- Lidar Is Ugly, Costly, High-Maintenance & Non-Scalable.
For this week’s startup feature, Analytics India Magazine spoke to Manesh Jain, co-founder and CEO at Flo Mobility to understand how the Bangalore-based startup is building smart and sustainable transport solutions for everyone.
Founded in 2019 by Manesh Jain and Angad Singi, FLO Mobility aims at automating e-scooters by controlling them without any on-field human intervention, solving electric vehicle fleet problems like optimising charge cycles, last-mile movement to match demand supply, vehicle cluttering and paving the way to build seamless micro-mobility operations.

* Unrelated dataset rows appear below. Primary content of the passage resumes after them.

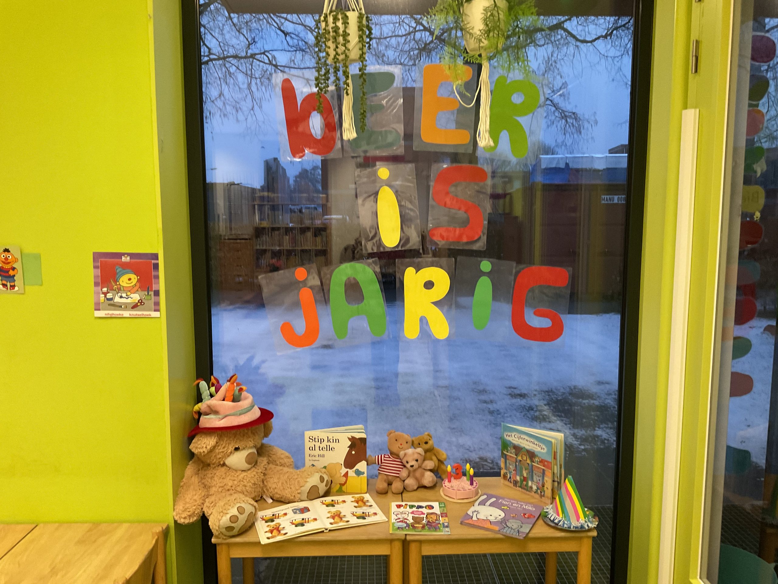 Vorige week zijn we begonnen met het thema ‘Beer is jarig’. Beer is 3 jaar geworden en dit project gaat over tellen; hoeveel kaarsjes zijn er, hoeveel cadeautjes, slingers en vriendjes. Leuk en leerzaam!
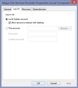 2. Make sure that the account that runs the “Mega Site Service Provider” Windows service has the same access level.
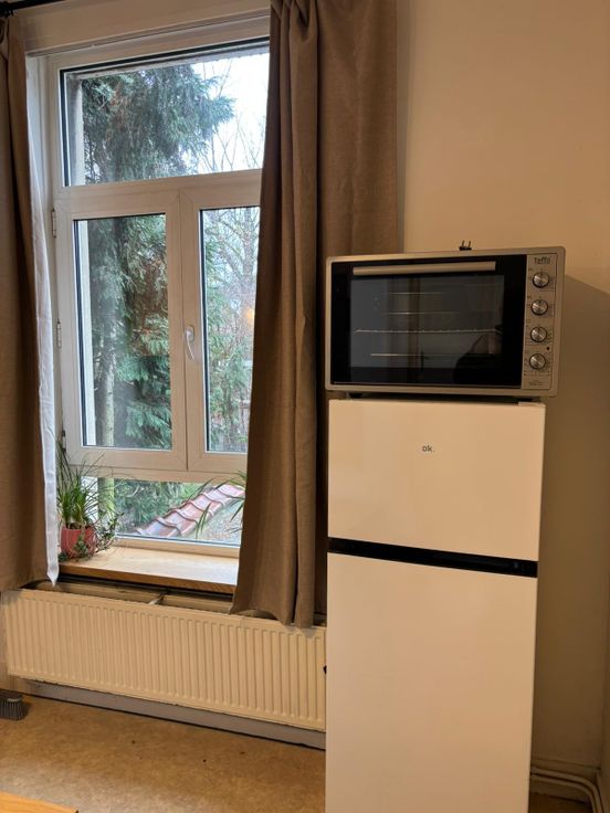 L'espace de vie comprend une cuisine américaine, frigo, petit four, taques électriques, un living avec un sofa/lit, table de travail, une armoire, écran TV, connexion internet. Il existe aussi une salle de douche avec une douche, une toilette et un lavabo. Provision mensuelle de 130 euros pour l'ensemble des charges (eau, gaz, électricité et internet).

The company’s vision is to build a completely autonomous, covered, self-balanced electric two-wheeler, to take riders to their destination by itself. Instead of riders reaching the pick-up spot, e-scooters reach riders’ location based on remote Teleoperated vehicle movement.
The startup has come up with a Teleoperations kit called FLO-TOK that can be installed on existing electric two wheelers. The hardware includes cameras, sensors, electronics and communication modules, motors, support wheels etc. FLO’s teleoperation software can be integrated with prevalent ride-hailing apps. The software comes with an admin panel, the tele-ride allocation algorithm and haptic feedback bridging the interface between passenger app and back-end module in real-time.

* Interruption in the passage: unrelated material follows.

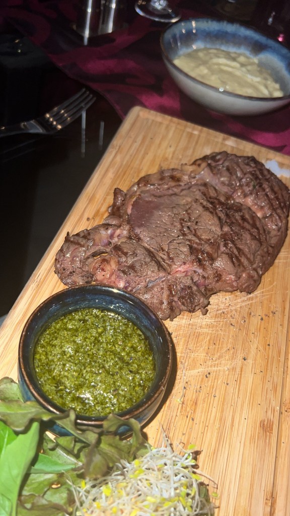 mes bémols sont : un peu trop de cartilage dans l’entrecôte hollandaise et la sauce chimichurri n’était pas top, un peu trop compacte à mon goût, je vous suggère d’aller sur une sauce poivre plutôt.

Jain said, “As part of the ride-as-a-service offering, the company has come up with a driver training simulation module as well. FLO’s Unique Simulation-based training system will guide teleoperators to drive the e-vehicle hassle-free in varied weather conditions, across different terrains and surroundings.”
What’s The Differentiator
“Most of the other products in the segment rely on Lidar to do the sensing and create a point cloud. Lidar is ugly, costly, high maintenance and non-scalable. With the rapid developments in camera systems and camera vision, we believe a camera for sensing the environment is an apt tool. So, we rely on cost-efficient cameras for the sensing and then smarten up our algorithm to make up for the intelligence,” said Jain.
Jain added, “Another advantage we have is building this technology in the worst environment for self-driving cars. For egs, all our foreign competitors start with the detection of lanes. We have to develop our algorithms in a way that there are no lanes. Our algorithms detect the possible end of the road on the left side and control the vehicle in a way that is 50 cm away from the end in case of slow vehicles. Distance increases in the case of high speed or heavy vehicles.”

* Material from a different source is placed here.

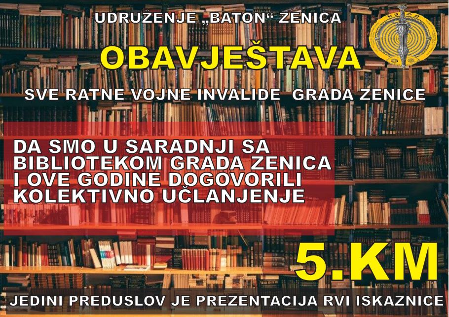 U cilju resocijalizacije, edukacije i kulturne afirmacije te konstalnom iznalaženju rješenja i alternativa u borbi sa PTSP i ratnim traumama, udruženje „Baton“ Zenica obavještava sve ratne vojne invalide Grada Zenice, da smo i ove godine nastavili uspješnu dugogodišnju poslovnu saradnju sa Bibliotekom Grada Zenica.
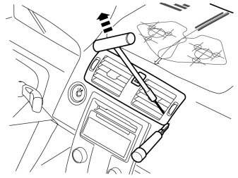 - Remove the ventilation outlet by carefully inserting special tool 9995919 between the ribs and carefully pulling up the four catches on the lower edge. Carefully pry using a weatherstrip tool.

Use of AI & IoT at FLO Mobility
FLO Mobility uses feed optimisation algorithm, operator allocation algorithm, computer vision for object identification, and autonomous stack algorithms for perception, localisations, path planning, sensor fusion, etc.
The company has developed an autonomous repositioning solution for electric two-wheelers using an IOT and hardware stack consisting of cameras, sensors, sonar, edge processors and controllers. The core tech stack includes:
- Teleoperations, Computer vision, Embedded systems
- Tech Framework: Robot operating system (ROS), webRTC tunnelling, OpenCV based Object Detection, Edge video streaming and action relay.
Hiring at FLO Mobility
Jain said, “We cannot just rely on resumes and CV and will have to look beyond them. So, we now try to find out all the exciting projects done by university students and reach out to them for hire. We also plan to run some autonomous driving hackathons nationally to find the best talent possible out there. Since we are burdensome on research and development, we mostly look for the hunger for learning and execution while hiring. We look out for initiatives the person has taken. Other soft skills include very clear and apt spoken and written communication.”
“In the next 18 months, we plan to deploy autonomous e-scooters in 15 residential, educational and industrial campuses in India and expand the technology to the Middle East, Europe, the US and South Korea. The future roadmap is evident to us. We will deploy our autonomous hardware stack on smaller and slower form factors like electric scooters and delivery bots. Initially, these will be monitored by a human operator who will take control of the vehicles immediately in case they need assistance. Going forward, once our algorithms are trained with enough corner cases, our dependence on human operators will decrease, and the system will start becoming more and more autonomous. We will be able to attain full autonomy for small and slow vehicles in the next five years,” said Jain on a concluding note.